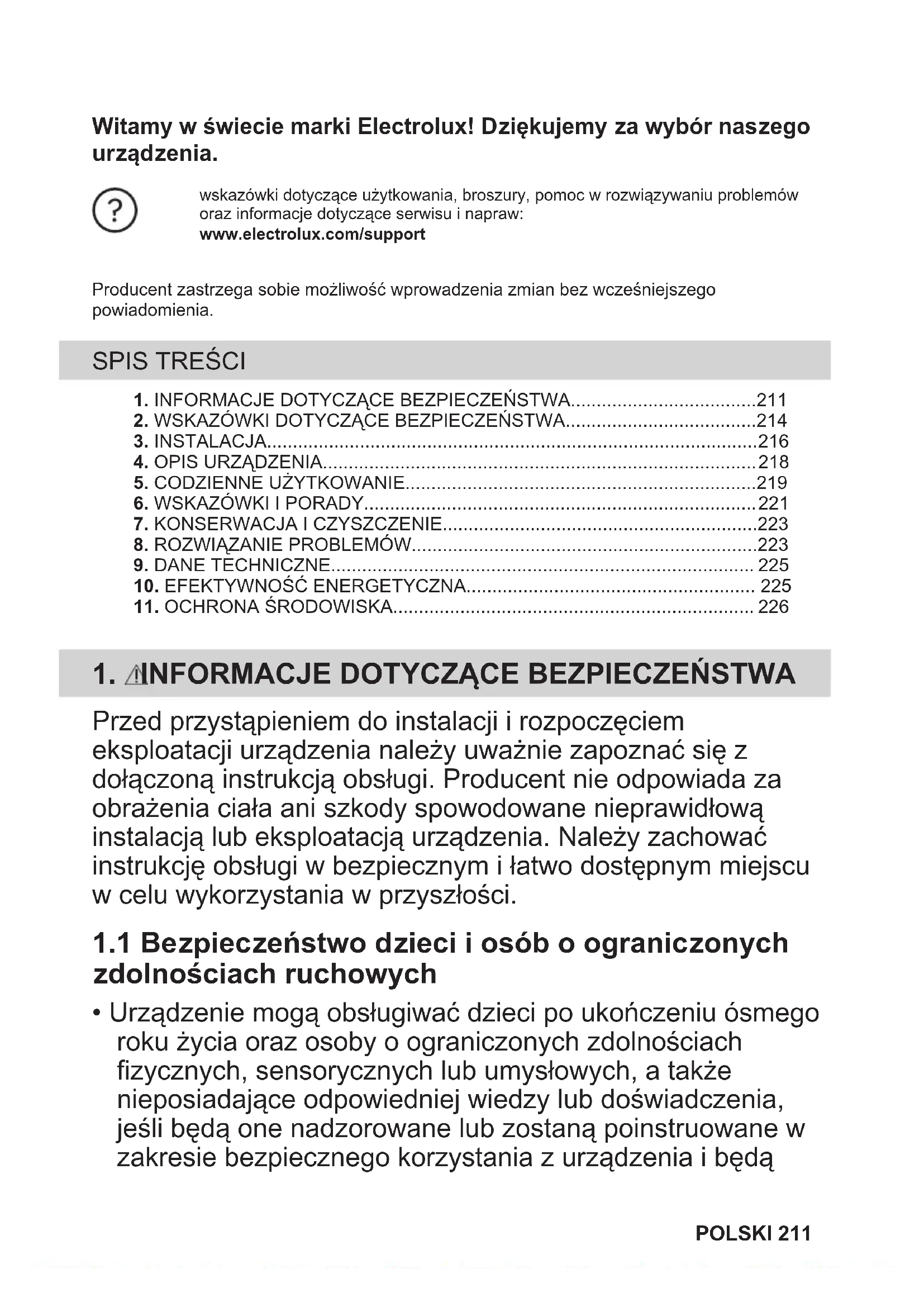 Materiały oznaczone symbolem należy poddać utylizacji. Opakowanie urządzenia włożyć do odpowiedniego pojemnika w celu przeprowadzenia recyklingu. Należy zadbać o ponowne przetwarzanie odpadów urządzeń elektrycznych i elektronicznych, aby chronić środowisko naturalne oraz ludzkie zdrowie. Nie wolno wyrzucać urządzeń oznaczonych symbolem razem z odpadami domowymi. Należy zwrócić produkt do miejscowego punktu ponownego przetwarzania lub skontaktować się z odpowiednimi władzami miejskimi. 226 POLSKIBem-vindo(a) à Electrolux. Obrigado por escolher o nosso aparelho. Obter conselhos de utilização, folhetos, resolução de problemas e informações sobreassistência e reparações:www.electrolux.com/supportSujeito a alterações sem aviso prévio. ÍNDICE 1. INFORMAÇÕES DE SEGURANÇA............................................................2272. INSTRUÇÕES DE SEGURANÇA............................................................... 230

########

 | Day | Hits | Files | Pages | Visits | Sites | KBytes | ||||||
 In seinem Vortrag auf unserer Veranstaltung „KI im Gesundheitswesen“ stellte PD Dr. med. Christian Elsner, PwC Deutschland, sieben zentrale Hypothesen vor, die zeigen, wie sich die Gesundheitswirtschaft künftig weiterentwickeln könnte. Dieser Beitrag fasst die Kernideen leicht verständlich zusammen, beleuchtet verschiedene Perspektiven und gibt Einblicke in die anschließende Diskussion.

########

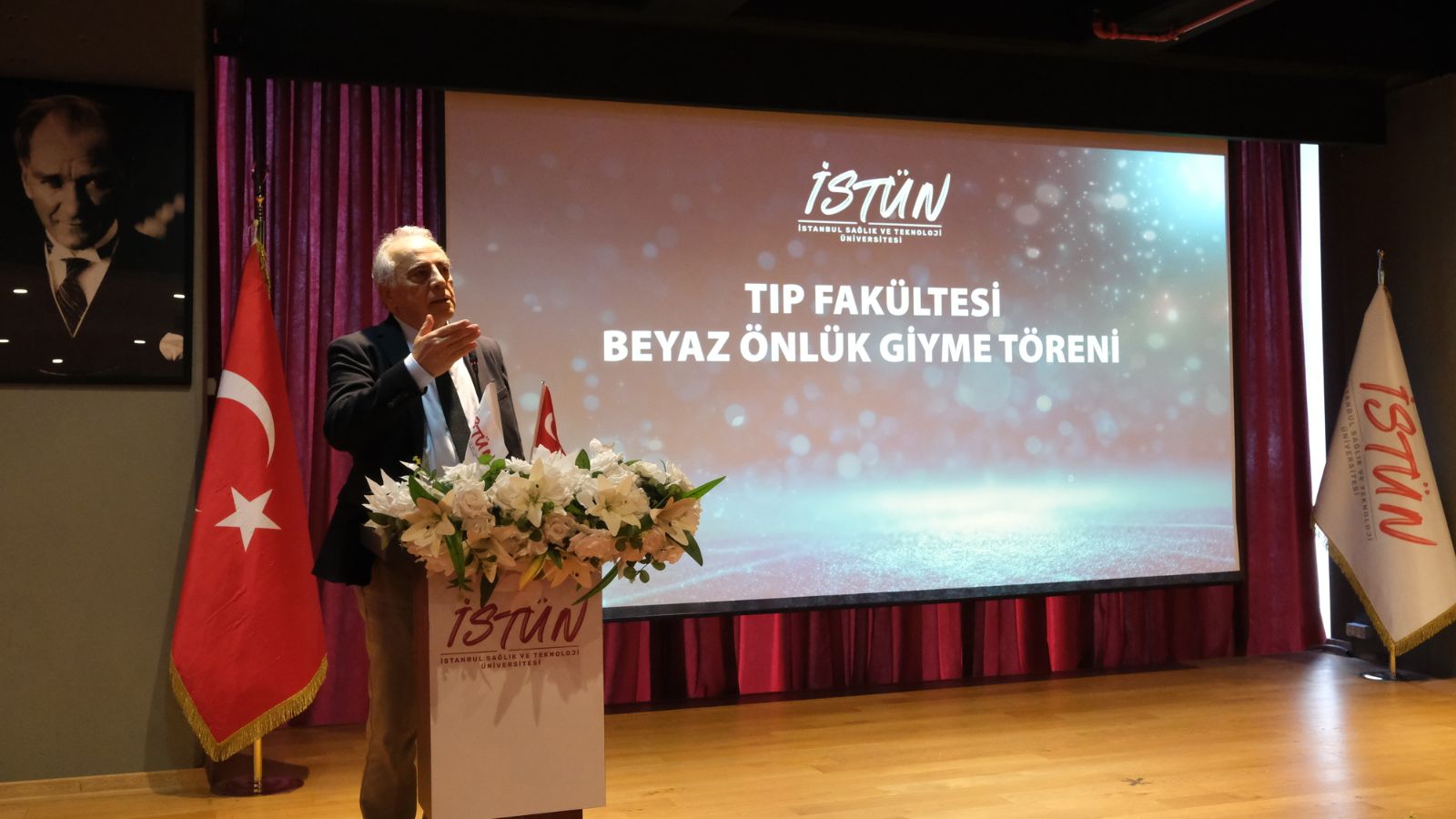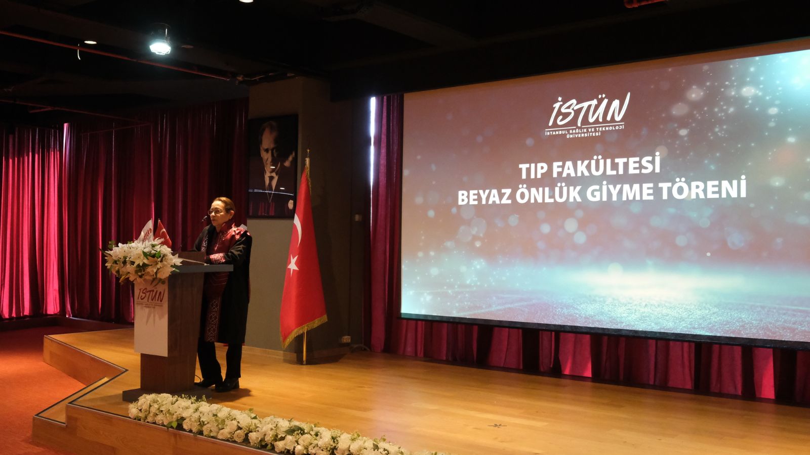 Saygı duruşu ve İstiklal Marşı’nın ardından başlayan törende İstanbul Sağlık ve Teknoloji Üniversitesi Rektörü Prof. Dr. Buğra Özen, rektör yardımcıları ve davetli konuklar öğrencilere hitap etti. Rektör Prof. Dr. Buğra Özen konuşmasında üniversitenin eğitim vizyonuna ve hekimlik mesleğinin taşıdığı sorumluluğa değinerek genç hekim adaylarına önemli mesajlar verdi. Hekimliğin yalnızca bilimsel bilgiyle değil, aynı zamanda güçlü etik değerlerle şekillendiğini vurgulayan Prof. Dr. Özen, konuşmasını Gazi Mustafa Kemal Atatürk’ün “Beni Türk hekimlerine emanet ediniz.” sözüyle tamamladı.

########

Please transcribe exactly the lines above from the line that has "KBytes | ||||||" up to and including the line that has "In seinem Vortrag"; no other line belongs in the answer.

 | Day | Hits | Files | Pages | Visits | Sites | KBytes | ||||||
 In seinem Vortrag auf unserer Veranstaltung „KI im Gesundheitswesen“ stellte PD Dr. med. Christian Elsner, PwC Deutschland, sieben zentrale Hypothesen vor, die zeigen, wie sich die Gesundheitswirtschaft künftig weiterentwickeln könnte. Dieser Beitrag fasst die Kernideen leicht verständlich zusammen, beleuchtet verschiedene Perspektiven und gibt Einblicke in die anschließende Diskussion.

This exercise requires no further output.